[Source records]

***

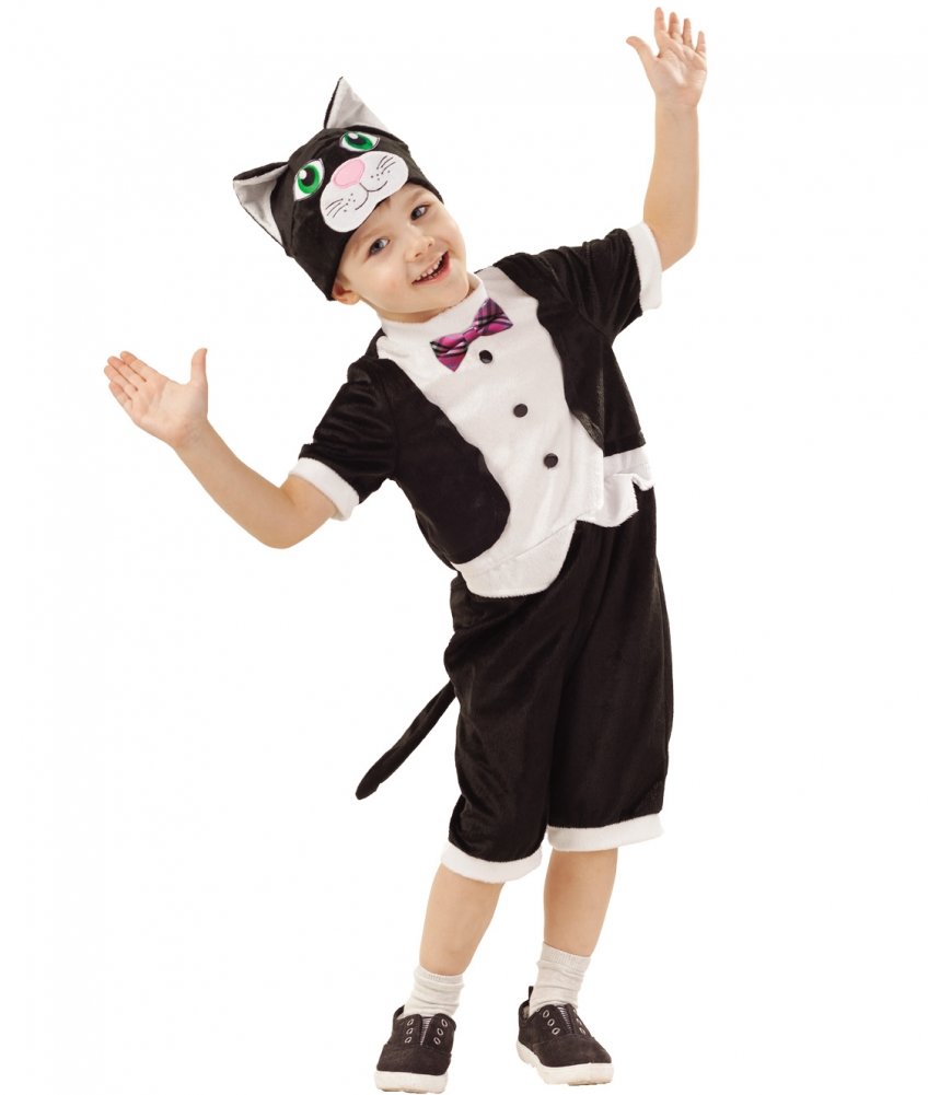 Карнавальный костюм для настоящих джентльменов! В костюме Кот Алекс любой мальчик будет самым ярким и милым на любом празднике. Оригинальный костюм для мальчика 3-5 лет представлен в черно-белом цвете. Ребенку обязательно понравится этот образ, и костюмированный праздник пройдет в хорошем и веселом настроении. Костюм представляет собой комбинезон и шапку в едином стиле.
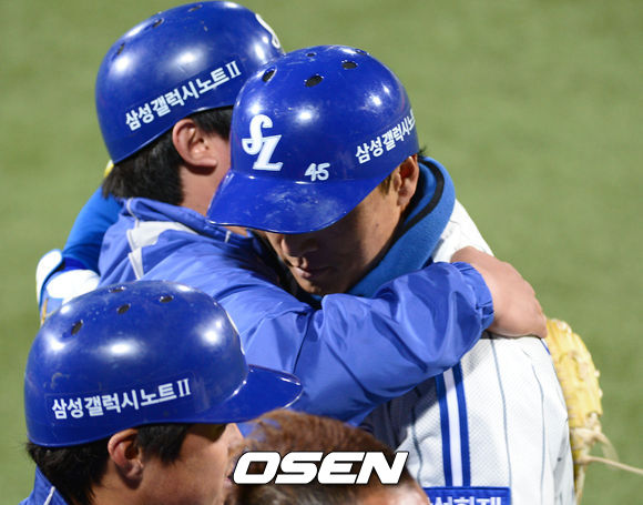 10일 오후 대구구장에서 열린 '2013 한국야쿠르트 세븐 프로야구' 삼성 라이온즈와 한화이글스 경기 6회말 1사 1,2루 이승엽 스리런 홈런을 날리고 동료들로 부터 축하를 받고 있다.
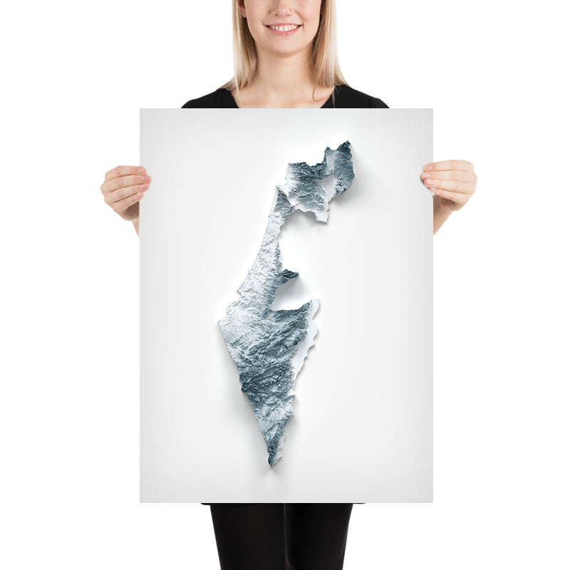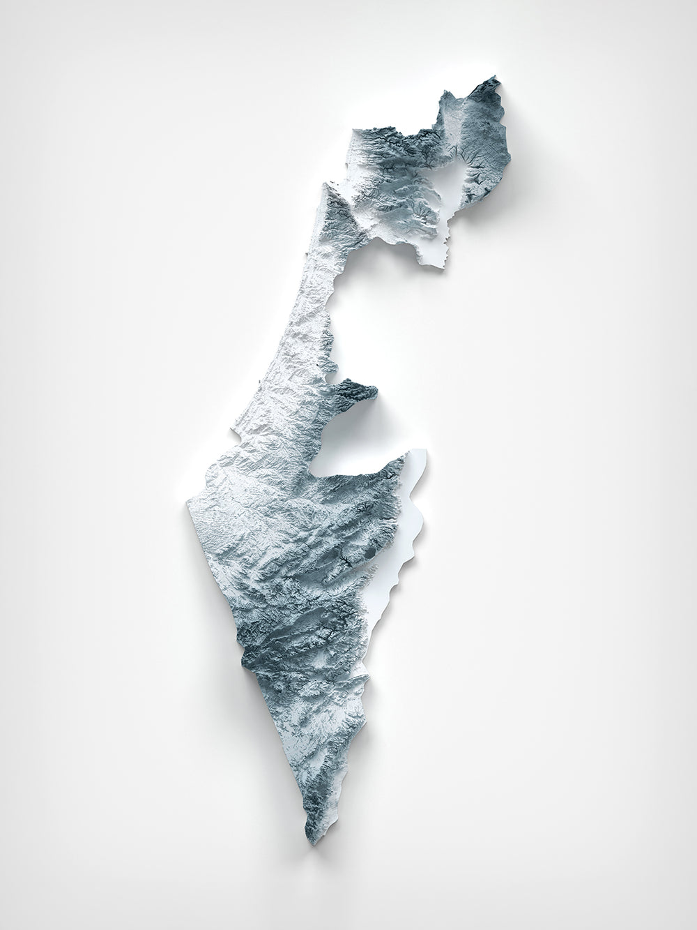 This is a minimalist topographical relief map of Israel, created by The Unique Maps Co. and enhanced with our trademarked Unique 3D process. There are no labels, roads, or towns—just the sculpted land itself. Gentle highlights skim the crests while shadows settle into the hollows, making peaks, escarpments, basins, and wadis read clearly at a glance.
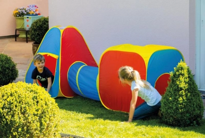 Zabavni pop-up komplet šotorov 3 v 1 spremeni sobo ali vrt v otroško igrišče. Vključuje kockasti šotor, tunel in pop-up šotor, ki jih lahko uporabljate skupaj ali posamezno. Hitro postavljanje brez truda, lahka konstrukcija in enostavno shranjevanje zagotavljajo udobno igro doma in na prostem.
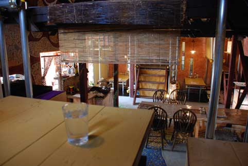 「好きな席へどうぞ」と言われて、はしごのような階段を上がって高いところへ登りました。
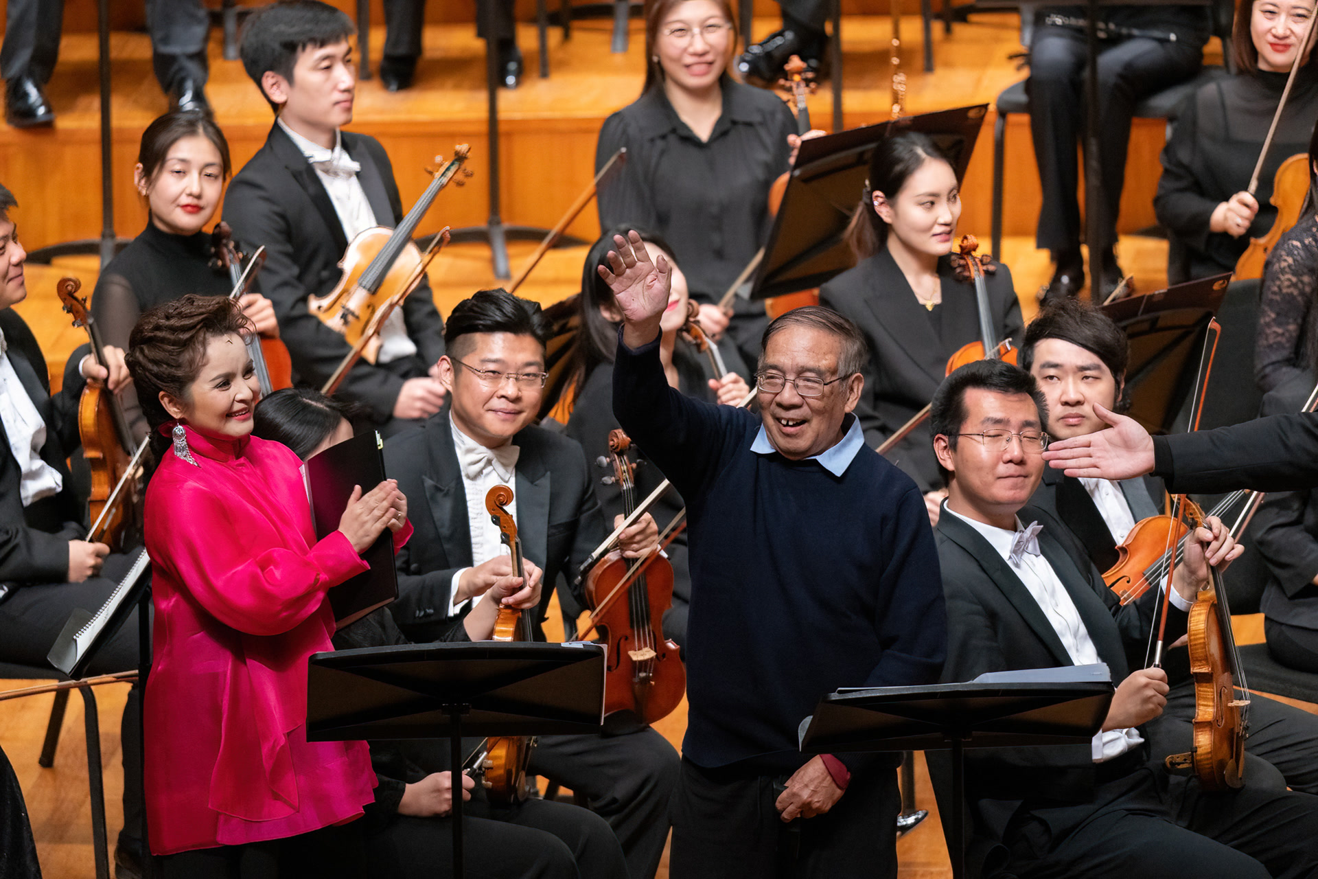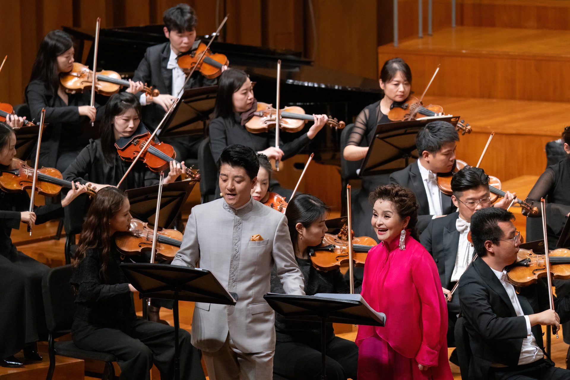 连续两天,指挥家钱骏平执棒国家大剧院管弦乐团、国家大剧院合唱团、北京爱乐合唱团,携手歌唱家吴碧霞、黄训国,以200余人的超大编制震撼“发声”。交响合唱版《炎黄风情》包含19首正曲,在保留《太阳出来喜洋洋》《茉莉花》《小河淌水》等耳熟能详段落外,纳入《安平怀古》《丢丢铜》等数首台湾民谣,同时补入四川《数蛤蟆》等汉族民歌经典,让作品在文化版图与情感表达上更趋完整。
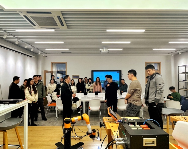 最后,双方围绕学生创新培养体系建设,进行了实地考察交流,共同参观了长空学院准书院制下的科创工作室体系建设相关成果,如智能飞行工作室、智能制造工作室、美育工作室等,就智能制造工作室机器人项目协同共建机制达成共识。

***

### Your assignment
Leaving out the pictures, repeat all the entries exactly as they stand.

### Exercise output
 Карнавальный костюм для настоящих джентльменов! В костюме Кот Алекс любой мальчик будет самым ярким и милым на любом празднике. Оригинальный костюм для мальчика 3-5 лет представлен в черно-белом цвете. Ребенку обязательно понравится этот образ, и костюмированный праздник пройдет в хорошем и веселом настроении. Костюм представляет собой комбинезон и шапку в едином стиле.
 10일 오후 대구구장에서 열린 '2013 한국야쿠르트 세븐 프로야구' 삼성 라이온즈와 한화이글스 경기 6회말 1사 1,2루 이승엽 스리런 홈런을 날리고 동료들로 부터 축하를 받고 있다.
 This is a minimalist topographical relief map of Israel, created by The Unique Maps Co. and enhanced with our trademarked Unique 3D process. There are no labels, roads, or towns—just the sculpted land itself. Gentle highlights skim the crests while shadows settle into the hollows, making peaks, escarpments, basins, and wadis read clearly at a glance.
 Zabavni pop-up komplet šotorov 3 v 1 spremeni sobo ali vrt v otroško igrišče. Vključuje kockasti šotor, tunel in pop-up šotor, ki jih lahko uporabljate skupaj ali posamezno. Hitro postavljanje brez truda, lahka konstrukcija in enostavno shranjevanje zagotavljajo udobno igro doma in na prostem.
 「好きな席へどうぞ」と言われて、はしごのような階段を上がって高いところへ登りました。
 连续两天,指挥家钱骏平执棒国家大剧院管弦乐团、国家大剧院合唱团、北京爱乐合唱团,携手歌唱家吴碧霞、黄训国,以200余人的超大编制震撼“发声”。交响合唱版《炎黄风情》包含19首正曲,在保留《太阳出来喜洋洋》《茉莉花》《小河淌水》等耳熟能详段落外,纳入《安平怀古》《丢丢铜》等数首台湾民谣,同时补入四川《数蛤蟆》等汉族民歌经典,让作品在文化版图与情感表达上更趋完整。
 最后,双方围绕学生创新培养体系建设,进行了实地考察交流,共同参观了长空学院准书院制下的科创工作室体系建设相关成果,如智能飞行工作室、智能制造工作室、美育工作室等,就智能制造工作室机器人项目协同共建机制达成共识。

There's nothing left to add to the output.